Ante esa pregunta, Mukotsu esbozó una sonrisa de satisfacción.

—No te pagará nada maldito— dijo desafiante.

—Vaya – rio Renkotsu con fuerza – Es usted desafiante señora. Si su esposo no está dispuesto a pagar su rescate, sé de alguien que lo hará gustosamente. Alguien que la deseara fuera de su camino.

Kagome arqueó una ceja ¿Quién deseaba verla muerta?

—La viuda Rushforth – asintió al ver la expresión de pánico en la mujer – Sí, con tal de tener el camino libre con ese Lord Inalcanzable.

—Por mí que se lo quede – respondió la joven. Con la respiración exaltada.

—Ay – aquel hombre hizo una mueca – Si él se queda con ella ¿Quién nos pagara su rescate?

El hombre esbozó una sonrisa, mostrándole una mordaza y una cuerda.

La amordazaron y le ataron los brazos. Por ultimo colocaron un saco negro sobre su cabeza para que no viera la guarida de los hombres. Tuvieron que sacarla por la parte de atrás para que nadie los viera.

El ojidorado salió de la habitación y regresó con Naraku y Bankotsu. Cuando el hombre estaba por felicitarlo por su encuentro con Eri, él simplemente dijo que entre ellos dos no había pasado nada. En cambio, preguntó por Derek y se sorprendió al escuchar que había ido en busca de una compañía.

Idiota – se dijo así mismo – No hubieras actuado por impulso.

Si alguien la descubría la joven estaba perdida.

Así que la esperó impaciente, para ver si aparecía por las escaleras. Pero ni rastros de ella, poco a poco los clientes comenzaban a dejar el club hasta quedarse solo con Naraku.

Algo andaba mal, lo sabía y se lo decía su corazón.

—El duque Westmoreland ha tardado – comentó.

—Seguramente se ha encontrado con una mujer – respondió Naraku sin dejar de observar su juego — ¿Desde cuándo tan preocupado por lo que haga ese chico? Después de la molestia que te causo. Será mejor que lo tengas apartado un poco de ti.

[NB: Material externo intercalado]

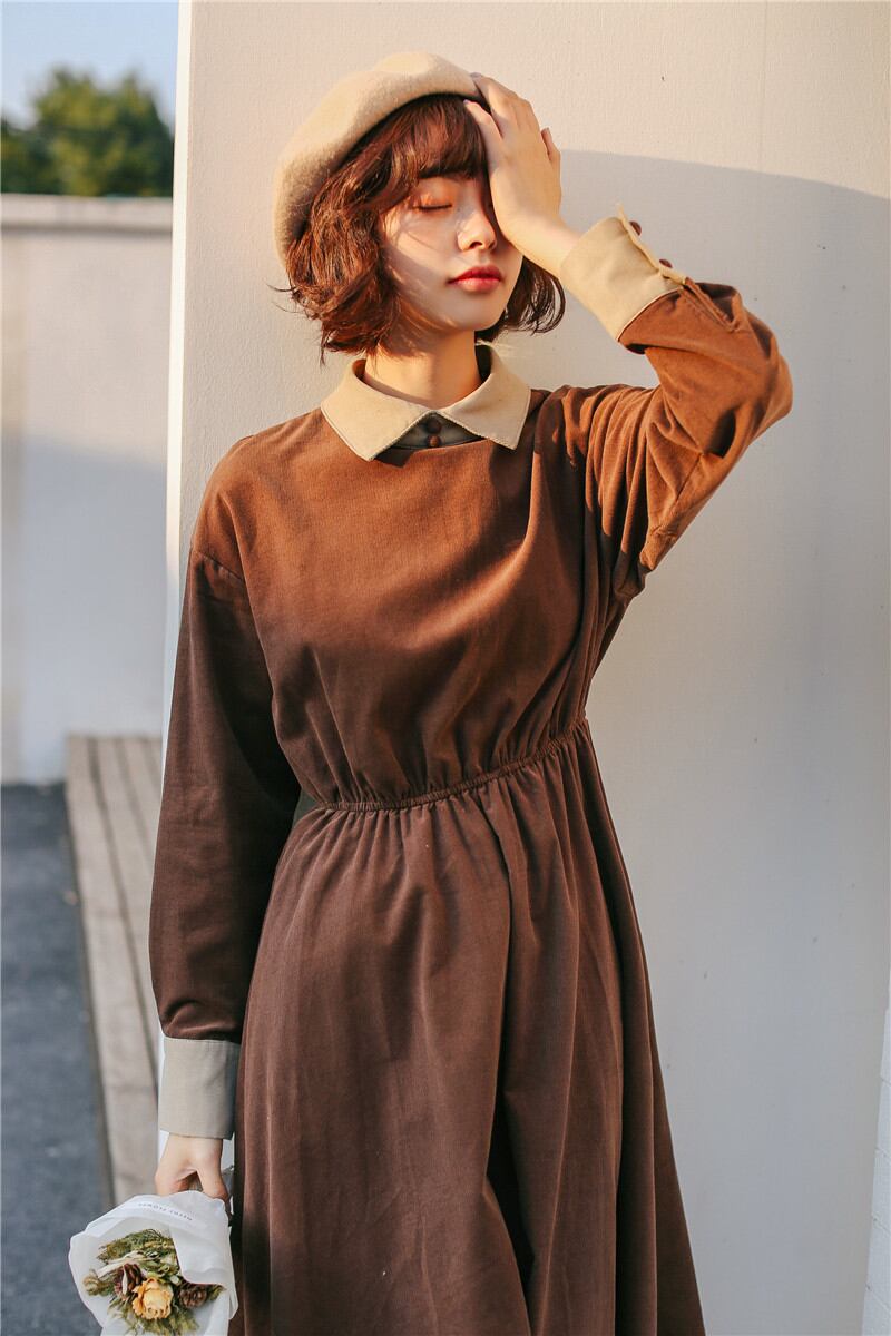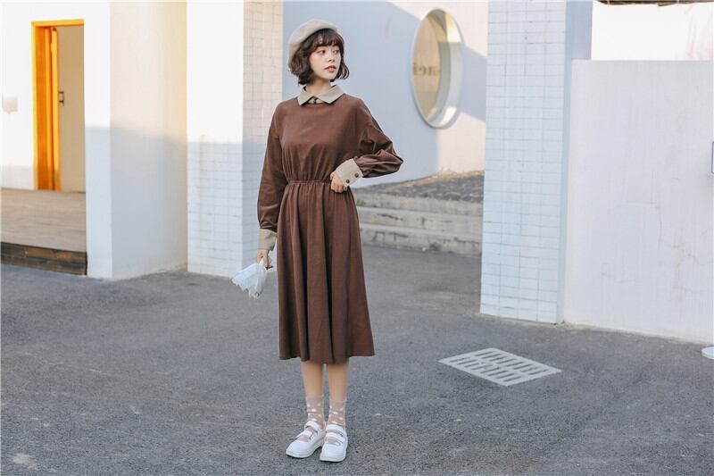 レトロで落ち着いた雰囲気のガーリーな膝下丈ワンピースです。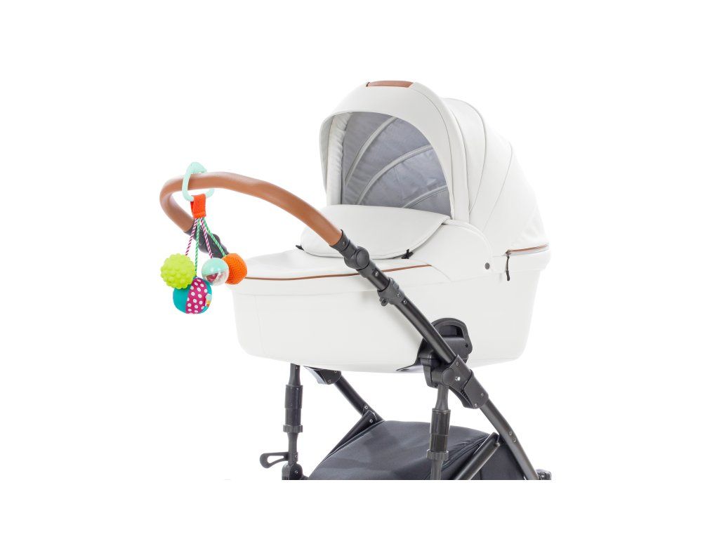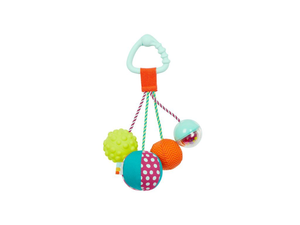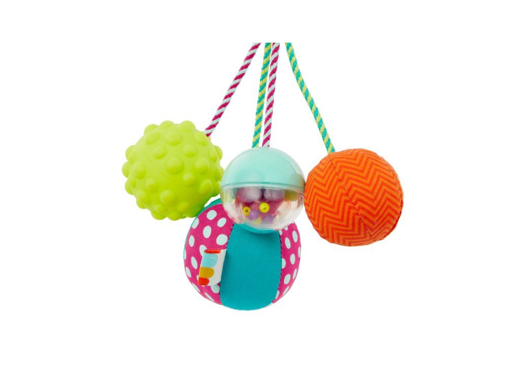 Závěsná chrastítko s míčky ve výrazných kontrastních barvách nabízí různorodé textury i zvuky - jednotlivé míčky cinkají, chrastí, pískají i šustí. Závěsný kroužek slouží i jako kousátko.

Si, estaba preocupado y maldito sea él por haberse ido y perderle de vista. Su loca esposa seguramente se había metido en problemas y eso lo presentía, su interior se lo decía.

Alguien llegó hacia él y le entregó una nota, él frunció el cejo, pero seguramente había sido ella quien se la habría mandado.

Abrió la pequeña nota y en cada palabra se le iba el alma a los pies.

"Lord Taisho, disculpe las molestias. Pero, tenemos a su esposa, o mejor dicho al duque Westmoreland ¿O tal vez conozca a Lady Safira? Pero en todas es la misma. Sabe cómo arreglarlo. 2,000 monedas de oro por la vida de su amada esposa y no es negociable.

No dé parte a las autoridades o lo primero que recibirá de su esposa será un dedo."